Starting at the line that contains "This solid wood" and stopping at the line that contains "yellow top off shoulder", restate each line of the records below exactly. Omit the pictures.

━━━

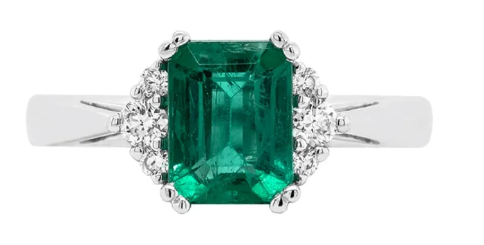 Earrings set with 2 round emeralds & diamond halos14kt white gold-rego
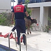 Gümüşlük Mahallesi Salkım Sokak’ta bulunan lüks bir sitenin yüzme havuzuna düşen buzağı, site sakinlerini şok etti. İçi su dolu yüzme havuzunun merdivenlerine de kafası sıkışan buzağıyı site sakinleri kurtarmak için seferber oldu. Buzağıyı havuzdan bir türlü çıkaramayan site sakinleri, durumu itfaiye ekiplerine haber verdi. Havuzun başına gelen ekipler önce buzağının kafasını havuz merdiveninden kurtardı. Boğulma tehlikesi geçiren buzağı daha sonra halat vasıtasıyla havuzdan çıkarıldı.
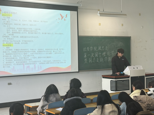 2024级团总支副书记张静颖领学了党的二十届四中全会审议通过的《中共中央关于制定国民经济和社会发展第十五个五年规划的建议》,结合“十五五”时期的目标任务,鼓励团员青年把握时代机遇,担当复兴重任。团总支办公室主任史卓雅就团支部工作规范与推优入党实施细则进行培训,详细解读“三会两制一课”制度及推优入党的条件与流程。接着王欣欣演示教育实践信息录入流程,2025级团总支书记苏志龙讲解PU口袋校园活动发起注意事项。
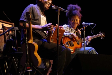 Der Dreijahresabstand der Gautinger Warning-Konzerte bietet einem als Beobachter auch die Gelegenheit, Vater und Tochter in ihrer Entwicklung und Bezüglichkeit zu verfolgen, und das nicht nur in musikalischer Hinsicht: Wally, obwohl seit einigen Jahren von einer hartnäckigen Krankheit gepeinigt, hat von seiner überwältigenden Ausstrahlung nicht das Geringste eingebüßt. „Er ist sehr stark“, sagte seine Frau am Rande des Konzerts, „aber wenn er Musik machen kann, geht´s ihm gut.“ Der gut 70-Jährige sagt gleich am Anfang auf gut Bairisch zu seinen bosco-Freunden, er fühle sich „dahoam“, und bringt dann wie zur Bestätigung den Song „My Music“. Es ist die simple Wahrheit, dass Wally Warning ohne diese „seine“ Musik wohl nicht überleben könnte. Seiner tief christlichen Einstellung entspricht es, dass er das Leben nimmt, wie es eben kommt, und dies in Liedern wie „Take Life“ zum Ausdruck bringt. Große Dankbarkeit bringt der Mann auf, wenn er auf seine wundervolle Tochter Ami schaut, die da neben ihm auf der Bühne sitzt und längst selber eine gestandene Singer-Songwriterin geworden ist: „Ich habe immer gebetet, dass ich mal eine solche Tochter bekomme“, sagt Wally und schickt sein karibisches Papa-Lächeln hinüber – alles scheint gut in diesem Moment.
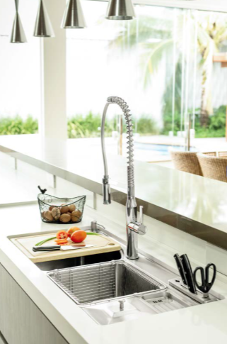Equipado com lava-copo embutido, dispenser para detergente, ducha cascata e misturador com mangueira extensível, torna as tarefas diárias mais eficientes.
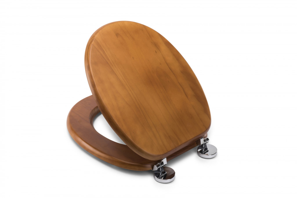 This solid wood seat, with antique pine effect finish, incorporates a natural, timeless quality to your bathroom.
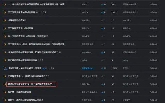 离我们最近的一个例子发生在2018年7月,《守望先锋》突然决定更改麦克雷的国语配音。得知这一消息后,大批玩家前往官方与非官方的论坛与社区下,请愿暴雪与网易不要更换配音演员。
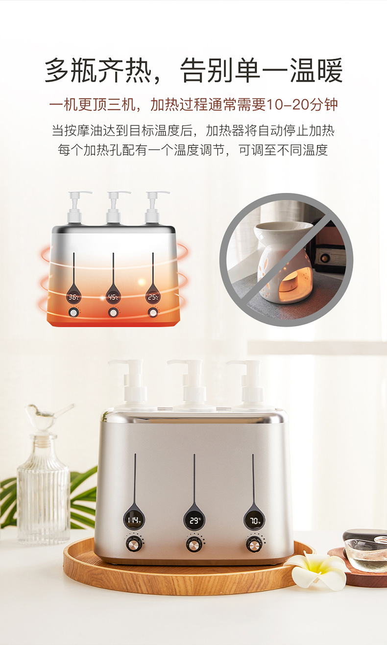マスター名騰新型3本用精油ヒーター アルミ合金内槽 恒温マッサージオイル容器
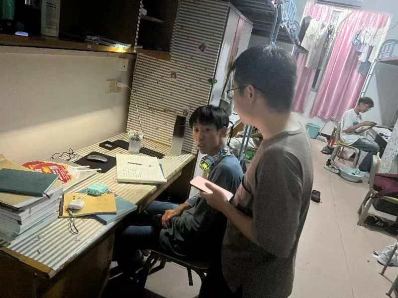 在新生宿舍,李哲老师悉心问候新生的基本情况,在学生入学适应方面为大家进行指导并耐心回答新生的各种问题。同时还强调了宿舍安全,个人财产安全,寝室环境等问题,叮嘱学生在军训期间好好休息,注意防暑,遇到问题及时联系教官和老师,并做好开学上课准备,关怀之情溢于言表,同时也希望新生们能够尽快适应大学生活,积极参与各项活动,努力提升自己的综合素质。
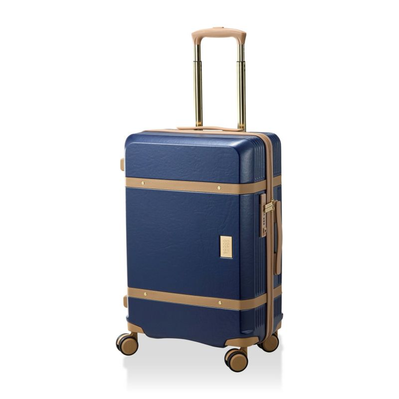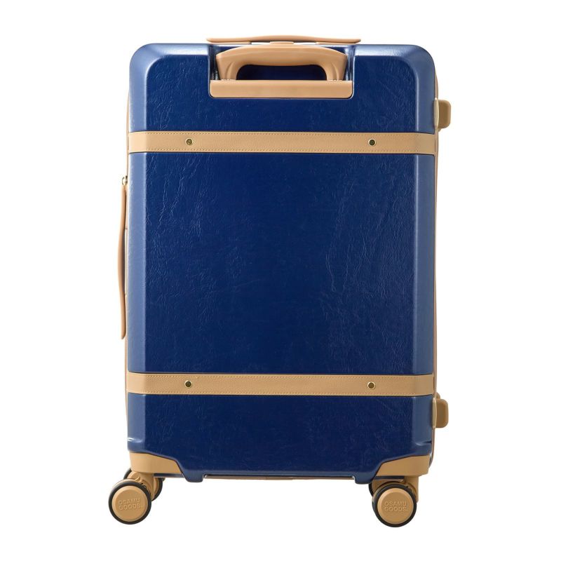 メインファスナーとキャスターにはOSAMU GOODSのロゴが入っています。双輪キャスターを採用し、安定した走行が可能です。スーツケースの片側側面は台座フック付きなので、コンビニの袋等軽いものを掛けることができます。
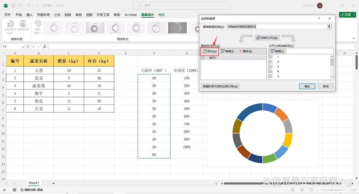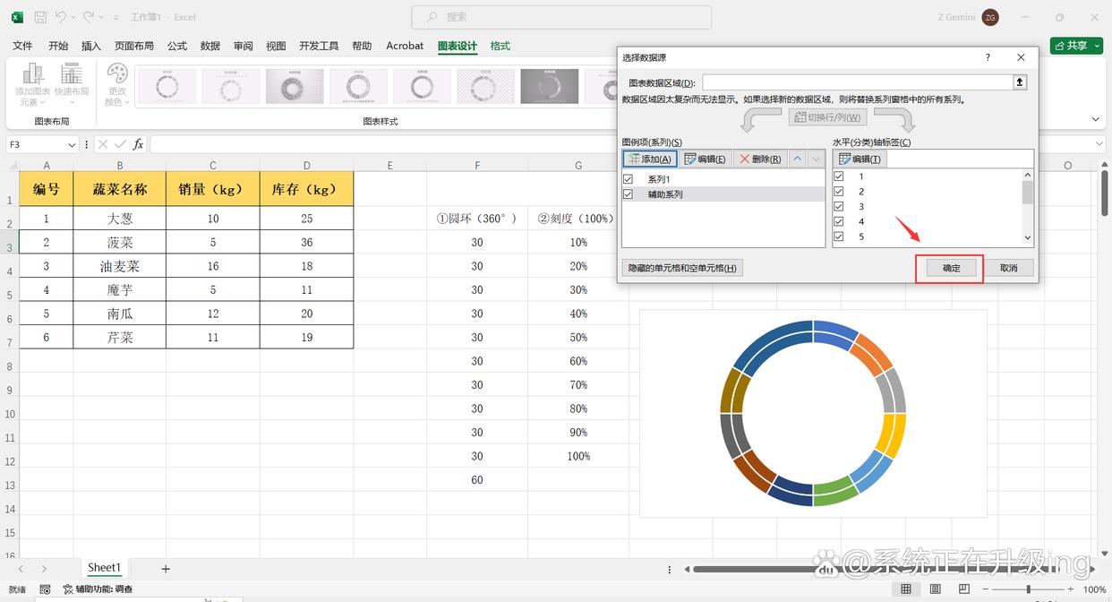 4、在“编辑数据系列”对话框中,将“系列名称”设置为:辅助系列(可自定义名称);“系列值”:=Sheet1!$F$3:$F$13(即:拾取①圆环列数据单元格区域),然后点击【确定】,返回到“选取数据源”对话框点击【确定】,这样就新添加了一个内圆环。
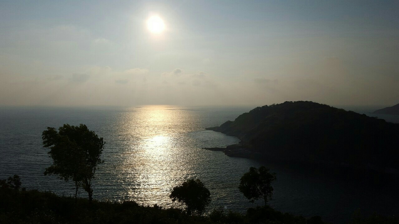 時間の経過とともに沈む夕日が海の色を変えて行きます。
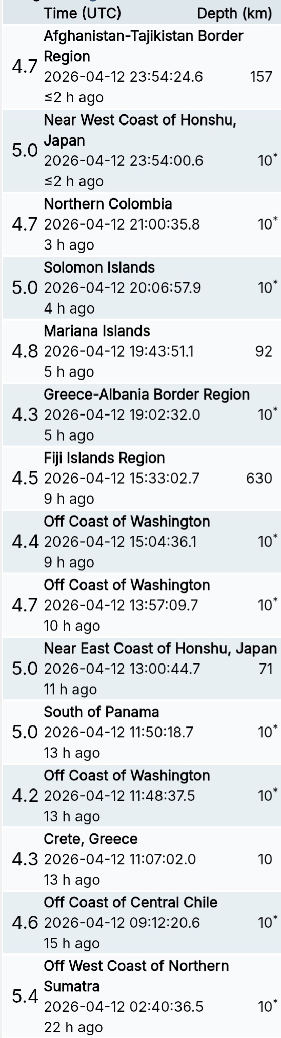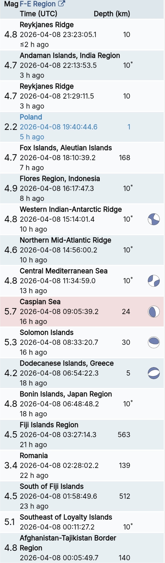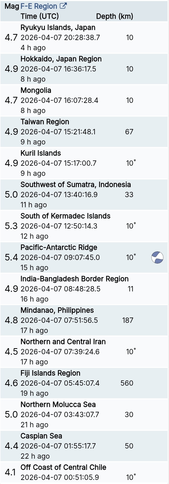 สรุปรายการแผ่นดินไหวและอาฟเตอร์ช็อกทั่วโลกจาก Geofon เยอรมนี ช่วง 07:00 เมื่อวานนี้ ถึง 07:00 เช้าวันนี้ (เวลาในตารางเป็น UTC ต้องบวก 7 ชั่วโมงให้เป็นเวลาไทย)
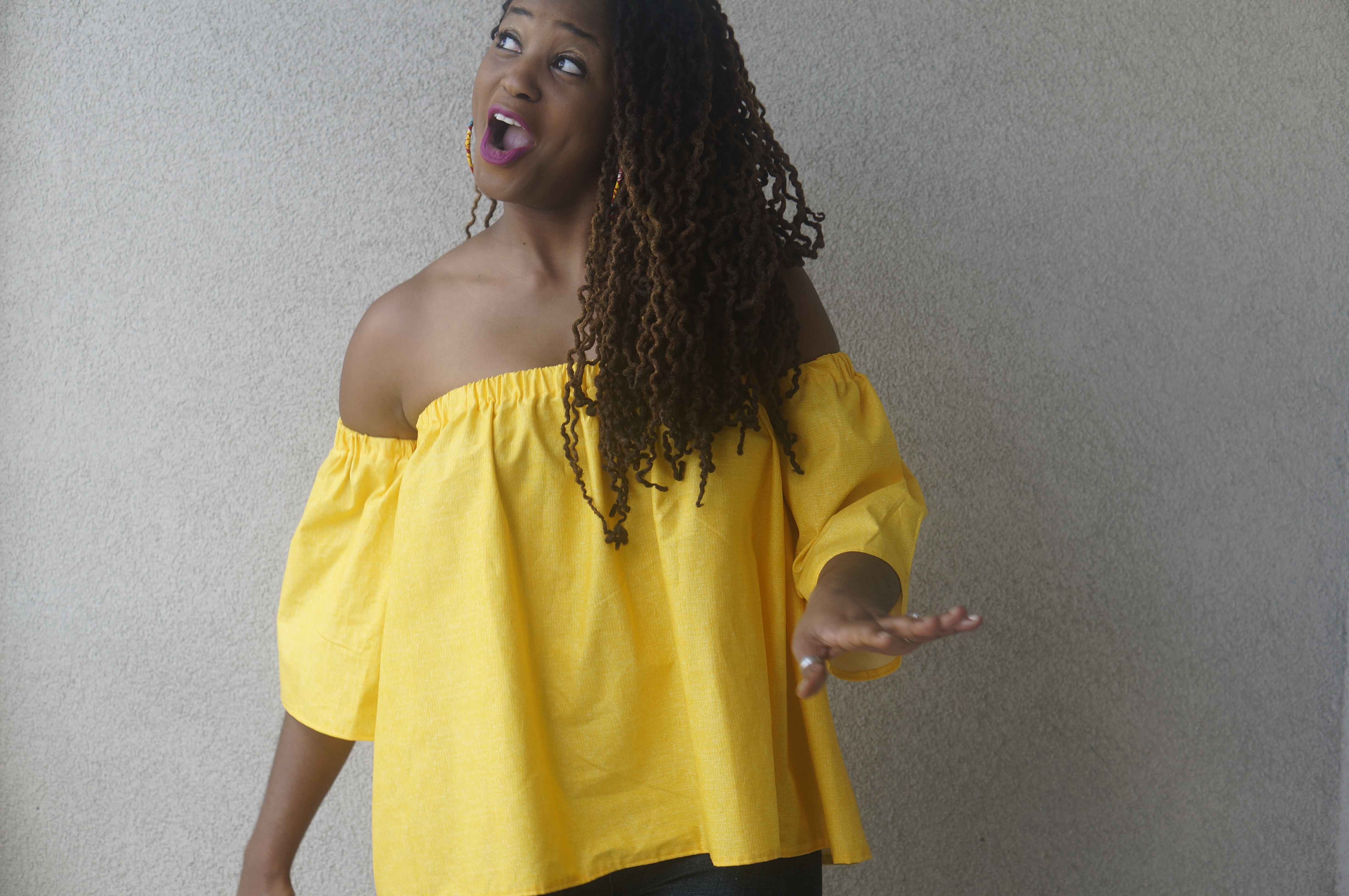 yellow top off shoulder
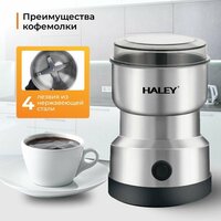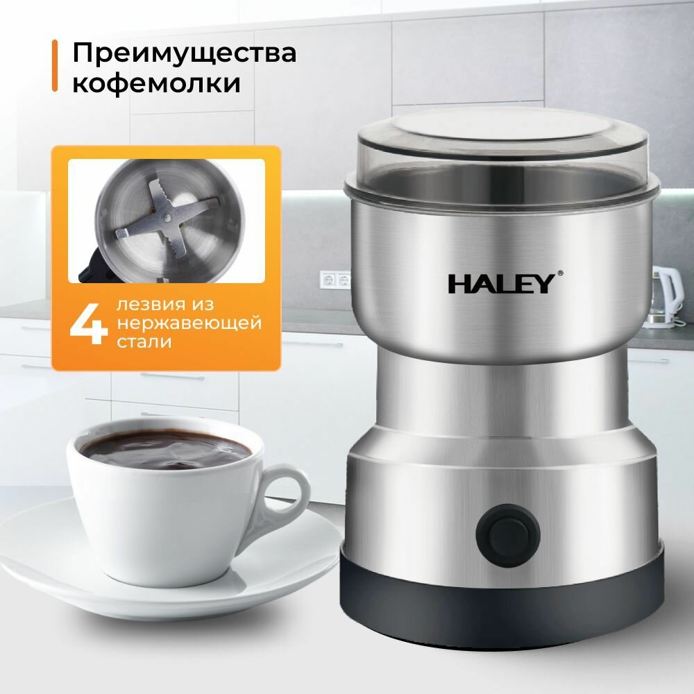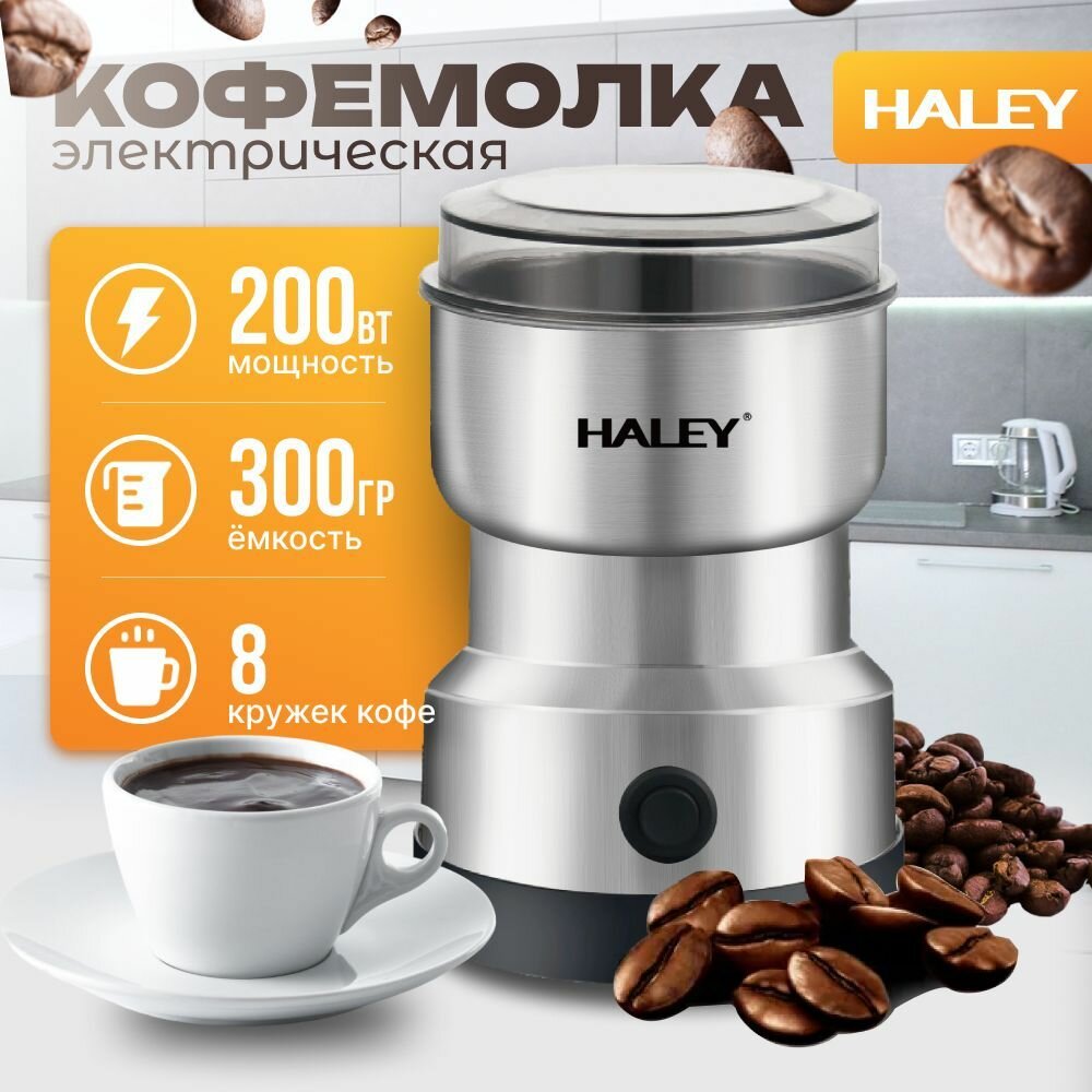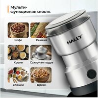 Купить Электрическая кофемолка HALEY-2114 Серебро, 200 Вт, 300 г, с ножами из нержавеющей стали и прозрачной крышкой. Подходит для кофейных зерен, круп, специй и орехов. с доставкой по всей России.
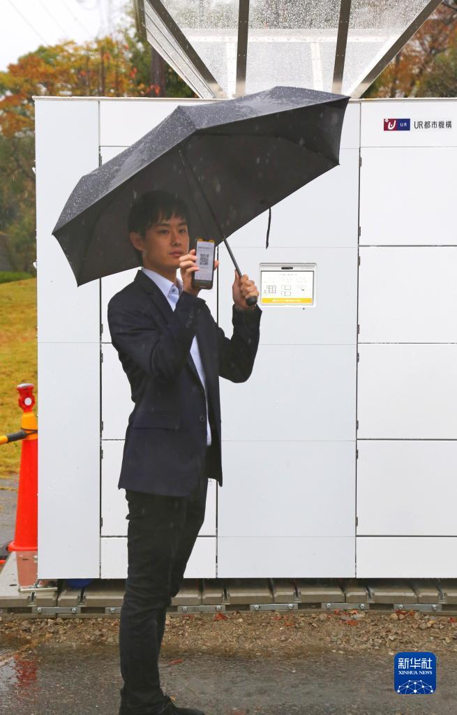 11月17日,在日本川崎市,工作人員在面向媒體的試驗説明會上展示取貨二維碼。
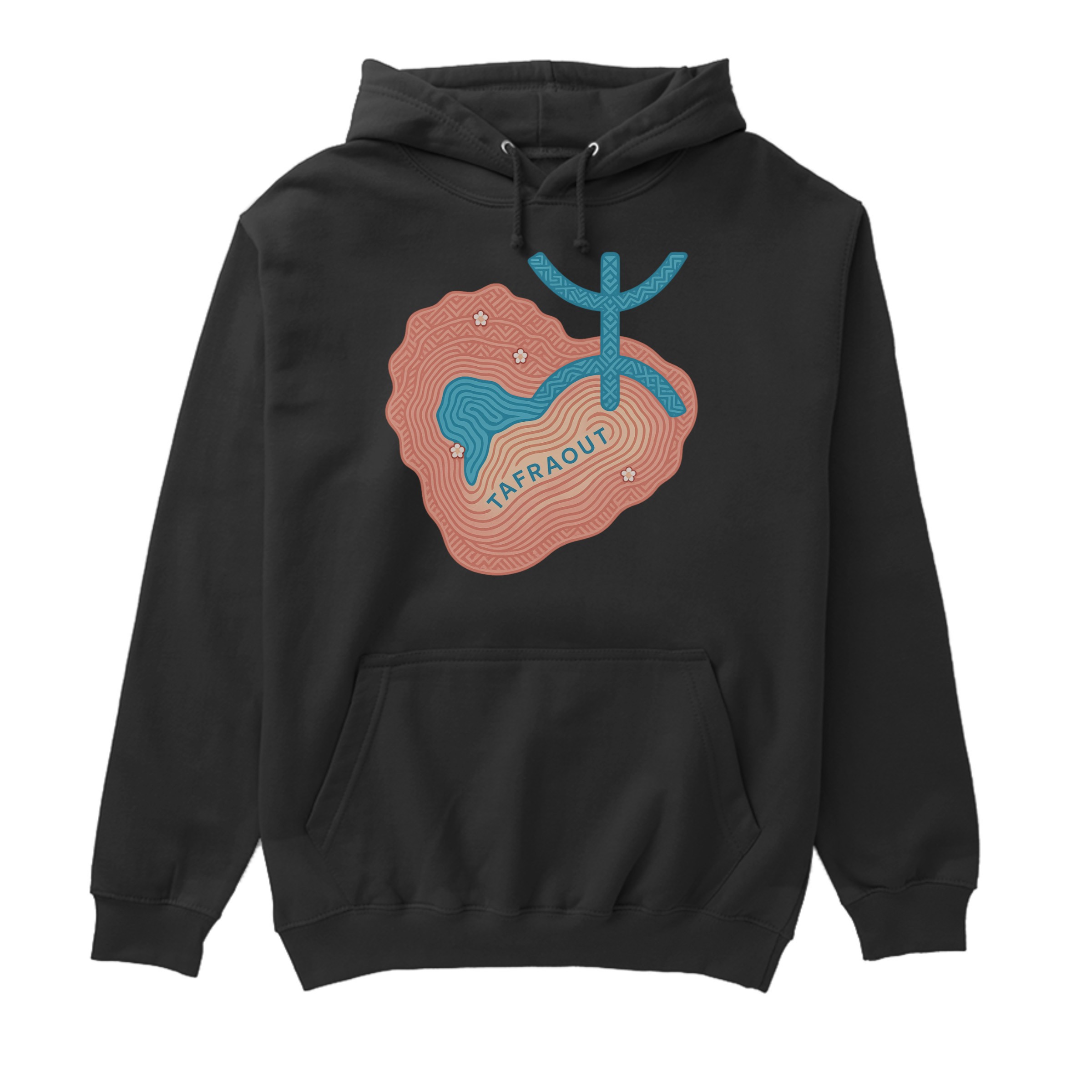 Ce hoodie est une carte vivante de Tafraout. Entre lignes topographiques, symbole amazigh et fleurs “timizar”, il illustre la richesse culturelle et géographique du Sud marocain.
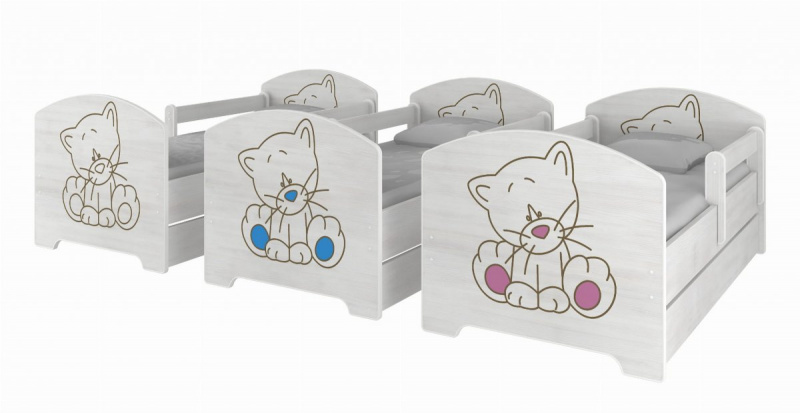 Dětská postel je vyrobena z masivu borovice a MDF materiálu, součástí je rovněž matrace i šuplík. Na čelech postele je vygravírován ( vyřezán ) nádherný dětský motiv, který nadchne Vaší ratolest. Trojrozměrné gravírování, rozvíjí u dětí představivost nejen zrakovou, ale rovněž hmatovou. Postel nejen pro větší děti s ochrannými barierkami. Součástí této postýlky jsou z bezpečnostních důvodů zaoblené rohy. Snížený práh, umožňuje používat tuto postel i pro nejmenší děti. Nosnost postele 90 kg.
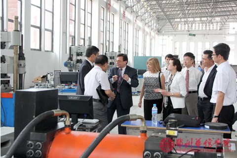 在校领导及建筑工程公司领导教师的陪同下,狄奥多西教授及夫人参观了建工实训中心和建工实验室。狄奥多西教授对建筑实验室建设表示了肯定,同时对于促成双方合作办学表示了极大的信心。

━━━

→ **Result for this task**
 This solid wood seat, with antique pine effect finish, incorporates a natural, timeless quality to your bathroom.
 离我们最近的一个例子发生在2018年7月,《守望先锋》突然决定更改麦克雷的国语配音。得知这一消息后,大批玩家前往官方与非官方的论坛与社区下,请愿暴雪与网易不要更换配音演员。
マスター名騰新型3本用精油ヒーター アルミ合金内槽 恒温マッサージオイル容器
 在新生宿舍,李哲老师悉心问候新生的基本情况,在学生入学适应方面为大家进行指导并耐心回答新生的各种问题。同时还强调了宿舍安全,个人财产安全,寝室环境等问题,叮嘱学生在军训期间好好休息,注意防暑,遇到问题及时联系教官和老师,并做好开学上课准备,关怀之情溢于言表,同时也希望新生们能够尽快适应大学生活,积极参与各项活动,努力提升自己的综合素质。
 メインファスナーとキャスターにはOSAMU GOODSのロゴが入っています。双輪キャスターを採用し、安定した走行が可能です。スーツケースの片側側面は台座フック付きなので、コンビニの袋等軽いものを掛けることができます。
 4、在“编辑数据系列”对话框中,将“系列名称”设置为:辅助系列(可自定义名称);“系列值”:=Sheet1!$F$3:$F$13(即:拾取①圆环列数据单元格区域),然后点击【确定】,返回到“选取数据源”对话框点击【确定】,这样就新添加了一个内圆环。
 時間の経過とともに沈む夕日が海の色を変えて行きます。
 สรุปรายการแผ่นดินไหวและอาฟเตอร์ช็อกทั่วโลกจาก Geofon เยอรมนี ช่วง 07:00 เมื่อวานนี้ ถึง 07:00 เช้าวันนี้ (เวลาในตารางเป็น UTC ต้องบวก 7 ชั่วโมงให้เป็นเวลาไทย)
 yellow top off shoulder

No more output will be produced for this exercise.